Die ersten Geräte vom Typ „Zepcam T2“ sollen polizeiintern ab Oktober bestellbar sein, sagte Referatsleiter Gerd Lewin aus dem niedersächsischen Innenministerium am Donnerstag im Innenausschuss des Landtags. Wann welche Polizeidienststelle mit Kameras ausgestattet wird, hängt demnach von den Bestellungen aus der Fläche und den Lieferzeiten, die auf bis zu sechs Wochen geschätzt werden, ab. Die Ausschreibung verlief für das Land erfreulich: Mit einem Stückpreis von 380 Euro sind die Bodycams deutlich günstiger als ursprünglich geplant.
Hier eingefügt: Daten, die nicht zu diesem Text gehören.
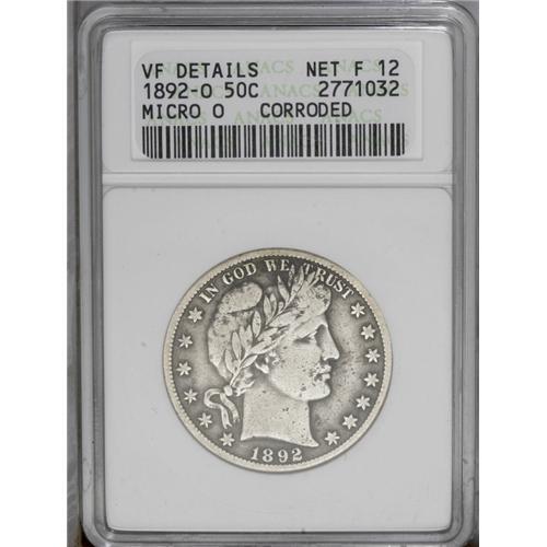 <B>1892-O<50C> Micro O--Corroded--ANACS. VF Details, Net Fine 12.</B></I> The 1892-O is the unchallenged key date to the Barber half series. Its existence was known by 1893, since the variety was discussed by Augustus G. Heaton in his famous 1893 text, <I>Mint Marks: A Treatise on the Coinage of the United States Branch Mints.</B></I> Perhaps its early discovery explains why several Uncirculated examples are known. A few have also survived in Fair to Good grades, but pieces in better circulated grades are extremely rare. The present stone-gray and charcoal example has minute obverse pits, but LIBERTY is nearly complete and E PLURIBUS UNUM is fully visible.

In ersten Entwürfen war die Polizei von etwa 1000 Euro pro Kamera ausgegangen.

Kamera soll abschrecken

Die knapp 160 Gramm leichten Geräte sollen Polizeieinsätze dokumentieren. Auf diese Weise sollen vor allem mögliche Gewalttäter von Angriffen auf die Beamten abgeschreckt werden. Auch andere Bundesländer, die Bundespolizei und die Bahn setzen verstärkt auf Kameras.

Kommt es zu keinen besonderen Vorkommnissen, sollen die zentral gespeicherten Aufnahmen 24 Stunden nach dem Einsatz wieder gelöscht werden.

Ton bleibt vorerst abgedreht

Noch ist die Funktionalität der Kamera aber eingeschränkt, betonte Lewin. So habe der Hersteller die Möglichkeit zur Tonaufnahme und zum so genannten „Pre-Recording“, bei dem bei einer Aufnahme auch die vorherigen 30 Sekunden mit aufgezeichnet werden, abgeriegelt. Grund: Noch ist den Beamten dies nicht erlaubt, erst das für Ende des Jahres geplante und hochumstrittene neue niedersächsische Polizeigesetz soll die Audioaufnahmen und Pre-Recording erlauben. Auf Dauer soll bei Polizeistreifen jeweils ein Beamter mit der Kamera ausgestattet sein – Abzeichen auf der Uniform sollen auf die Videoausstattung hinweisen.

Innenminister Boris Pistorius (SPD) hatte die Körperkameras in einem Ende 2016 gestarteten Pilotversuch von der Polizei erproben lassen. 21 Kameras gingen damals an den Start. Inzwischen sind es noch 20. Eine ist heruntergefallen.